Avec la pêche, le sel sera pendant des siècles une ressource importante des villages de la Gâchère et de la Chabossière. C’est grâce à son exploitation que le port de la Gâchère a connu jusqu’au début du 19ème siècle une certaine activité. En 1810, 106 tonnes de sel y seront embarqués.
Le comblement progressif de la baie avait permis l’aménagement des salines d’Olonne, et, au 7ème siècle, elles approvisionnaient déjà tout le centre de la Gaule. Au 18ème siècle leur production avoisinait 60 000 tonnes par an, mais un siècle et demi plus tard elle n’atteignait plus que 4000 tonnes… Outre la concurrence des sels du midi de la France, la disparition des salines fut avant tout liée à un phénomène naturel : L’ensablement du port de la Gâchère.
Quartier de la Gachère en 1703
Sous l’action des grandes marées, il n’était pas rare qu’une barre de sable se forme à l’entrée du Havre.

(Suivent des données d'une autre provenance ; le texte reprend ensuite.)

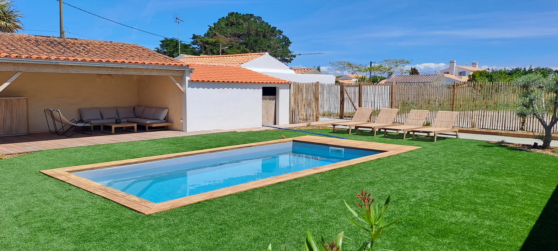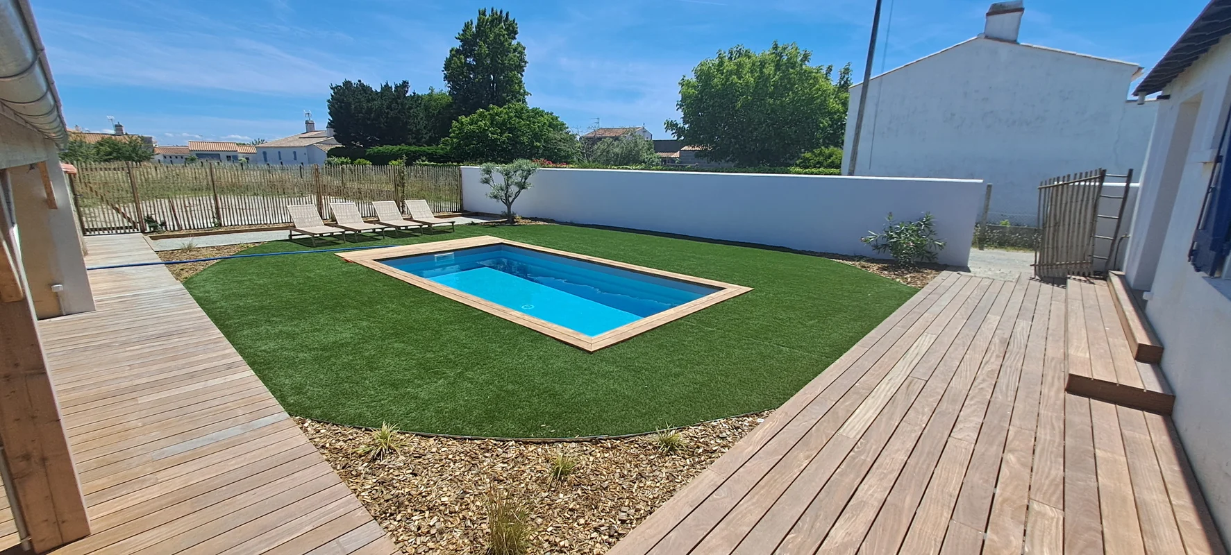 Nous vous aidons à aménager vos espaces extérieurs en Vendée avec des terrasses, des murs de clôtures et des piscines sur mesure.

L’eau de pluie et des rivières ne pouvant alors plus s’écouler, les marais salants étaient rapidement inondés. En 1767, le curé de St Martin de Brem, Augustin PAILLAUD, notait dans le registre paroissial : “ L’année a été très pluvieuse depuis la Saint Médard. L’eau a été très abondante […] et a submergé beaucoup de marais et emporté beaucoup de sel ”. C’est ainsi que les habitants de Vairé, d’Olonne et de Brem étaient souvent obligés de se regrouper afin d’ouvrir dans la barre de sable du Havre un passage suffisant à l’évacuation des eaux douces. Ces travaux connaissaient parfois un certain succès. En 1741, grâce au plan d’un saunier nommé FRUCHARD, l’ouverture du Havre fut si bien réussie qu’un navire de 60 tonneaux avait pu rentrer dans le port de la Gâchère. Cette ouverture devait résister jusqu’en 1750. Cette année-là, il y eut un ouragan si violent que le port de la Gâchère fut détruit “en entier”.
Sur le plan ci-dessus dressé par M. DOU au début du 20ème siècle, on peut voir l'emplacement des trois chenaux qui se sont succédés tout le long du 19ème siècle. Le chenal situé le plus au nord, au pied de la dune de pue bianc (pue blanc), fut creusé en 1889. Un peu plus au sud on voit le chenal de 1888 et enfin toujours plus au sud celui de 1857. Le chenal actuel avec sa jetée fut inauguré en 1898.
En 1836, sous l’impulsion du tout nouveau Syndicat des Marais de la Gâchère, l’Etat promet l’aménagement d’un port au Havre de la Gâchère ; mais devant la difficulté des travaux le projet est bien vite abandonné…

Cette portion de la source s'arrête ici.